*PROMPT*: Starting from the line with "Hand woven from" and going up to and including the line with "- Spacious Storage: This", copy the listing below exactly. Leave all images out.

**** RECORDS ****

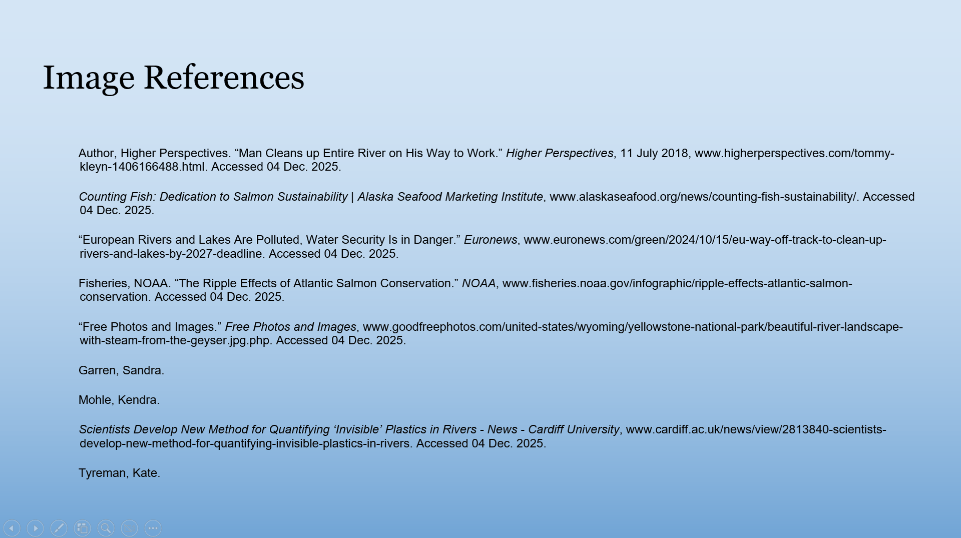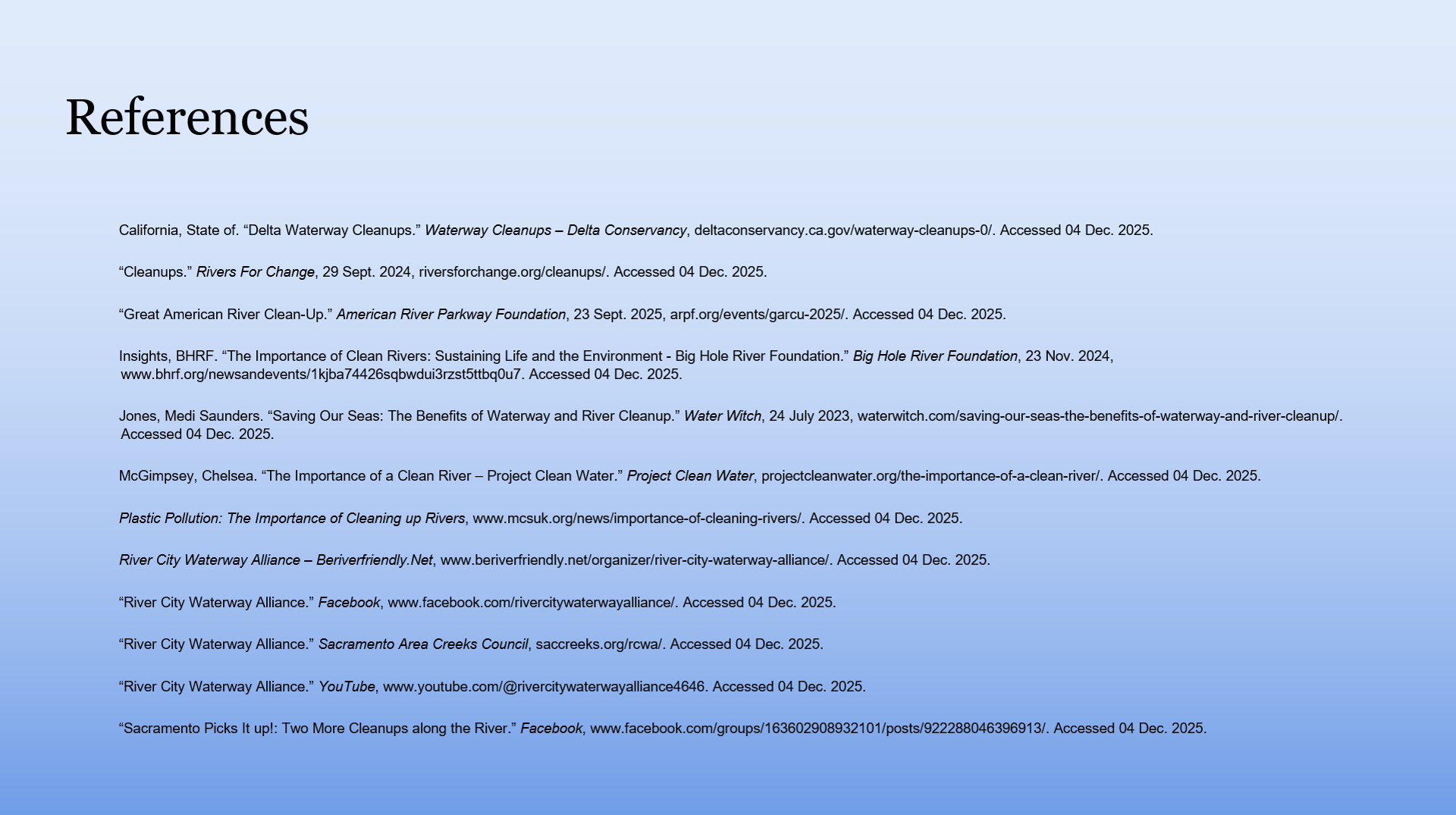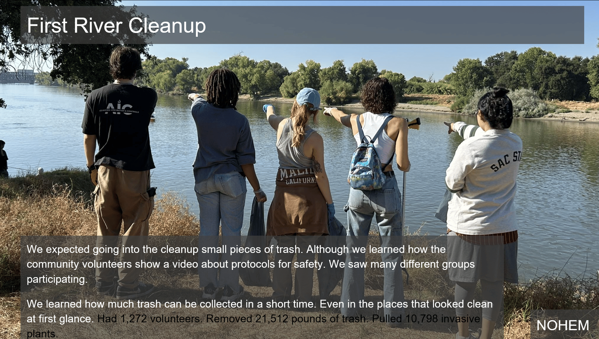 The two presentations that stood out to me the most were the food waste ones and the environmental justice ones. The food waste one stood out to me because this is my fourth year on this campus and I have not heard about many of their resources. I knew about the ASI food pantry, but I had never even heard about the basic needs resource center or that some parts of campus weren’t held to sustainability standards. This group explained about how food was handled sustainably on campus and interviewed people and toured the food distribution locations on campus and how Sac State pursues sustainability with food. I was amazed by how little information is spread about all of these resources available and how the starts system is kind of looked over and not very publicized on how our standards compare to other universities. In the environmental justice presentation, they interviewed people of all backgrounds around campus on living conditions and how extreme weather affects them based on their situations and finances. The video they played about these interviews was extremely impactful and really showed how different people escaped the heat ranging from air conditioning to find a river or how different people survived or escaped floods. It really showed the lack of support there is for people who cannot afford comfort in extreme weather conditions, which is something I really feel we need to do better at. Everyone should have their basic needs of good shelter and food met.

****
**** RECORDS ****

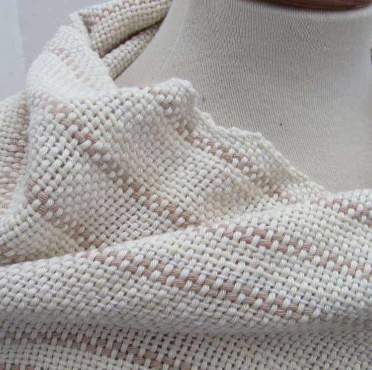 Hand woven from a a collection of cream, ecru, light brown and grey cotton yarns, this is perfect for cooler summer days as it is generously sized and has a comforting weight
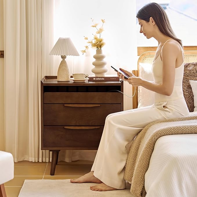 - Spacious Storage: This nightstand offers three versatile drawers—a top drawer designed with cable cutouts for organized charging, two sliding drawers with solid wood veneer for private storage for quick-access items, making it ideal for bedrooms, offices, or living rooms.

****

*RESPONSE BOX*:
 Hand woven from a a collection of cream, ecru, light brown and grey cotton yarns, this is perfect for cooler summer days as it is generously sized and has a comforting weight
 - Spacious Storage: This nightstand offers three versatile drawers—a top drawer designed with cable cutouts for organized charging, two sliding drawers with solid wood veneer for private storage for quick-access items, making it ideal for bedrooms, offices, or living rooms.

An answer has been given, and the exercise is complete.